Dr. Martin Luther King giving his “I Have a Dream” speech during the March on Washington in Washington, D.C., on 28 August 1963. Photo from Wikipedia

Sixth District Councilman Dee Andrews is introducing an agenda item for the August 13th Long Beach City Council meeting to recognize the 50th Anniversary of Dr. Martin Luther King, Jr’s, “I Have a Dream” speech. The City Council meeting is located at City Hall, 333 West Ocean Blvd., Lobby Level, Long Beach, CA.

Councilman Andrews is requesting that the Long Beach City Council recognize the 50th Anniversary of Dr. Martin Luther King, Jr.’s “I Have a Dream” Speech and adopt a motion encouraging residents to acknowledge the August 28th Anniversary.
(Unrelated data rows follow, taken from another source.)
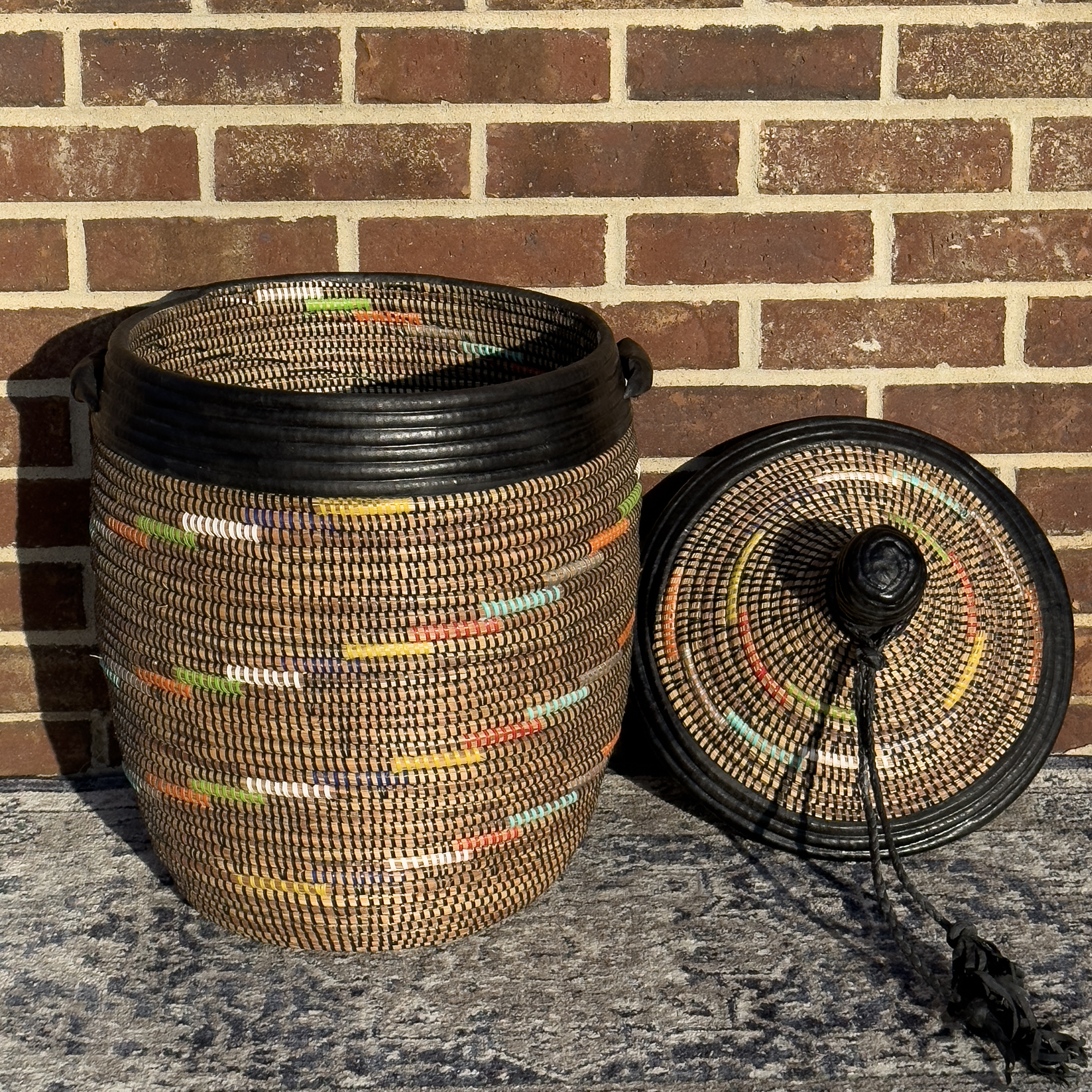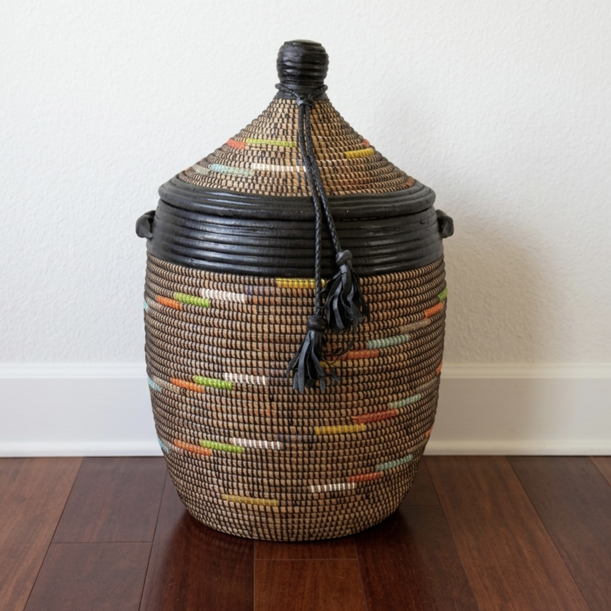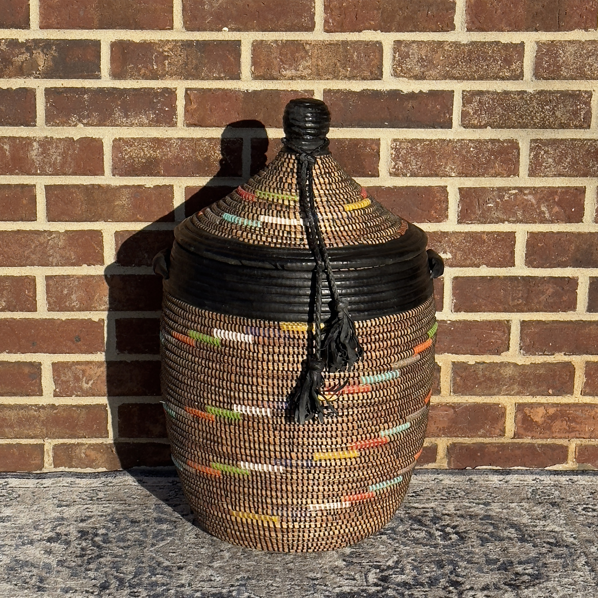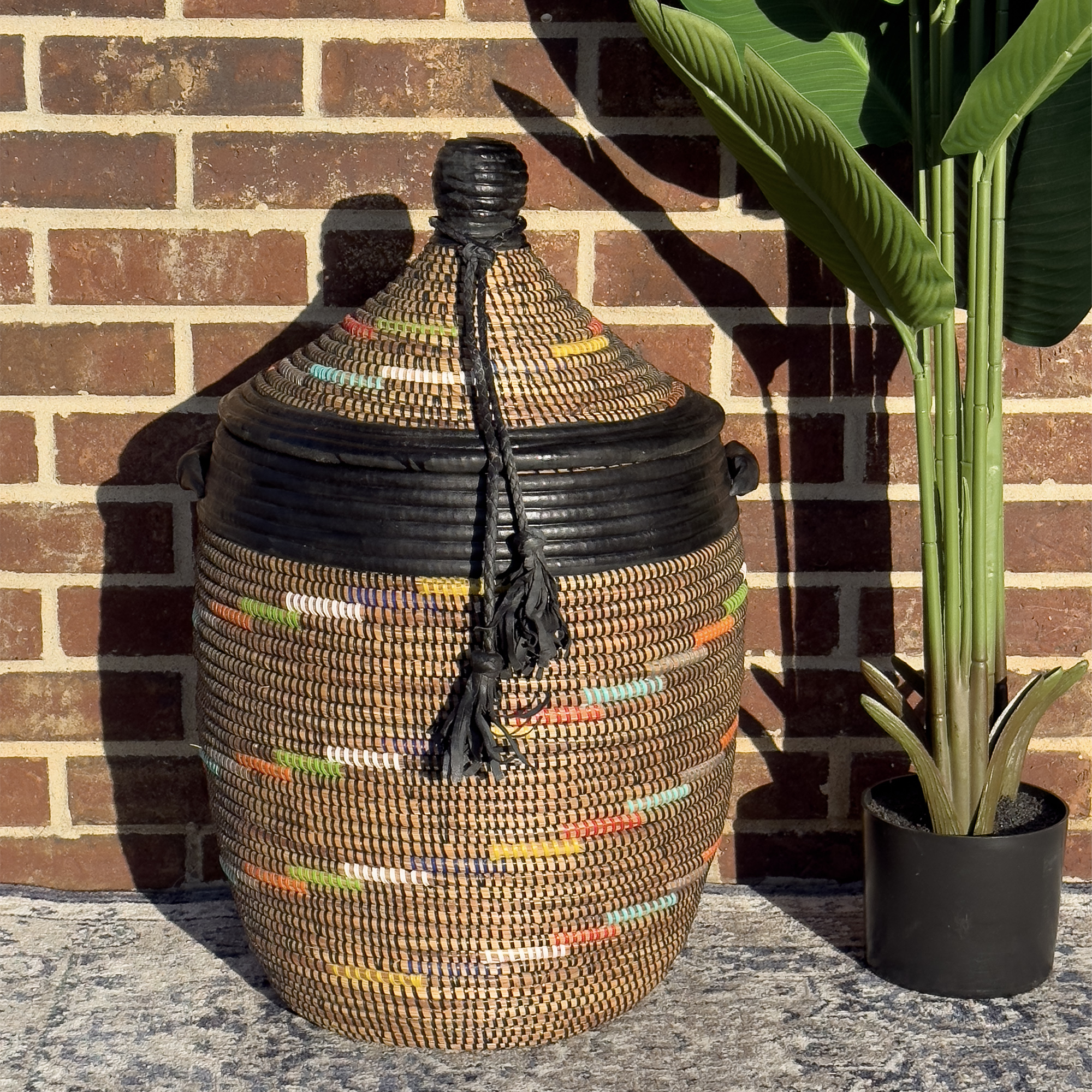 Imagine this striking basket enhancing your home decor, perhaps adding an authentic touch to an Airbnb space. Its robust construction makes it a practical and durable choice for everyday use, while its artistic design elevates it beyond mere utility. By choosing this Senegalese woven basket, you're not only acquiring a beautiful and functional item but also supporting the livelihoods and traditions of talented craftswomen in Africa. Please note that due to the handmade nature of this product and the natural variations in materials, slight differences in dimensions and appearance are to be expected, adding to its unique charm.
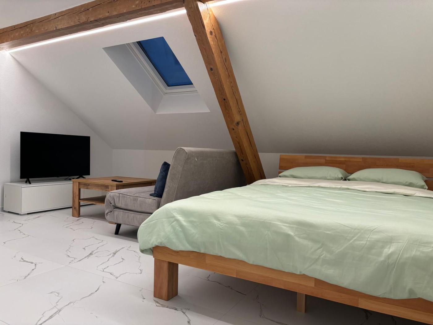 Apartment. This apartment is comprised of 1 living room, 1 separate bedroom and 1 bathroom with a walk-in shower and a hairdryer. Meals can be prepared in the kitchen, which is fitted with a stovetop, a refrigerator, kitchenware and a microwave. The apartment features tiled floors, a seating area with a flat-screen TV, soundproof walls, a tea and coffee maker as well as lake views. The unit offers 2 beds.
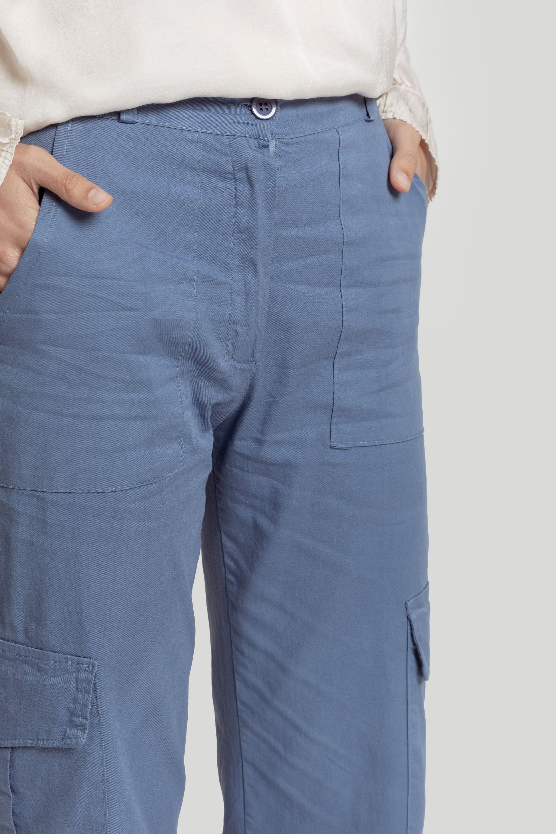Pantalón básico. Tejido mezcla de algodón. Tejido ligero. Tejido elástico. Diseño cargo. Tiro alto. Trabillas. Cierre de cremallera y botón. Bolsillo laterales.. Talla modelo: S. Altura modelo: 1.70 m
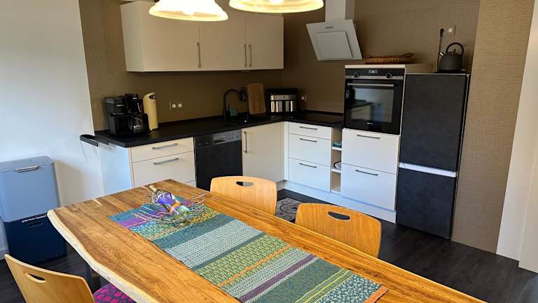 Die Ferienwohnung ist umfassend ausgestattet mit zwei Schlafzimmern, einem Badezimmer, Bettwäsche, Handtüchern, einem Flachbild-TV, einem Essbereich und einer voll ausgestatteten Küche.
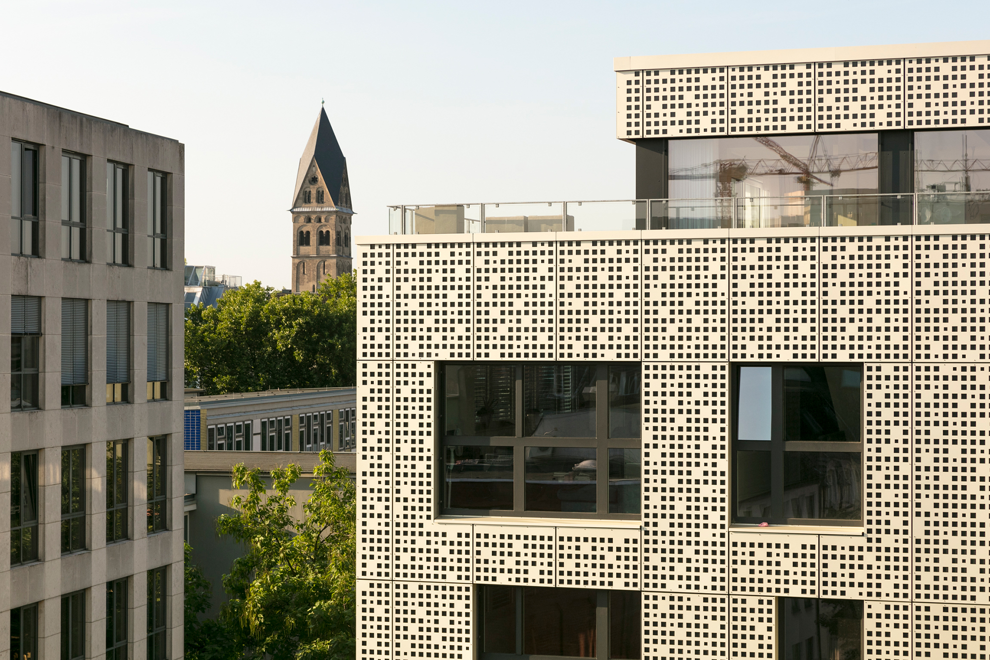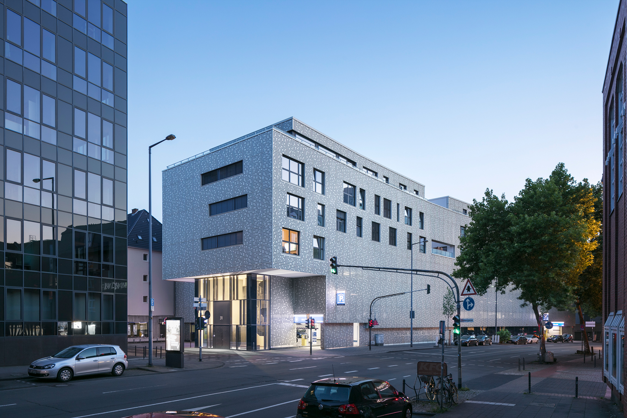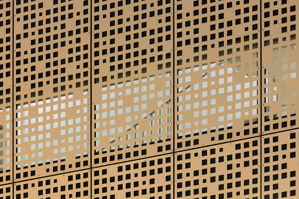 Eine einheitliche, perforierte, metallische Haut vernäht fugenlos das Parkhaus und die Wohnebenen zu einer städtebaulichen Einheit und löst in subtiler Form die vielfältigen Anforderungen. Die perforierte Haut reagiert mit unterschiedlichen Maschenweiten auf die horizontale Schichtung des komplexen Gebäudeprogramms. Die bisher von der Autonutzung geprägte innerstädtische Situation der Magnusstraße wird durch die schillernde Fassade zurückhaltend und doch signifikant aufgewertet.

“I Have a Dream” is a public speech delivered by American activist Martin Luther King, Jr. on August 28, 1963, in which he called for an end to racism in the United States. Delivered to over 250,000 civil rights supporters from the steps of the Lincoln Memorial during the March on Washington for Jobs and Freedom, the speech was a defining moment of the American Civil Rights Movement.

Beginning with a reference to the Emancipation Proclamation, which freed millions of slaves in 1863, King examines that: “one hundred years later, the Negro still is not free”. At the end of the speech, King departed from his prepared text for a partly improvised peroration on the theme of “I Have a Dream”. In this part of the speech, which most excited the listeners and has now become the most famous, King described his dreams of freedom and equality arising from a land of slavery and hatred. The speech was ranked the top American speech of the 20th century by a 1999 poll of scholars of public address.

“This monumental dialogue has changed millions of lives throughout the world. Its foundation restored hope to all and freed the human spirit”, said Councilman Dee Andrews. Councilman Steven Neal and Councilwoman Dr. Suja Lowenthal also signed onto the agenda item.

In a particularly memorable passage, King declared, “…When we allow freedom to ring, when we let it ring from every village and every hamlet, from every state and every city, we will be able to speed up that day when all of God’s children, black men and white men, Jews and Gentiles, Protestants and Catholics, will be able to join hands and sing in the words of the old Negro spiritual, ‘Free at last, free at last. Thank God Almighty, we are free at last.”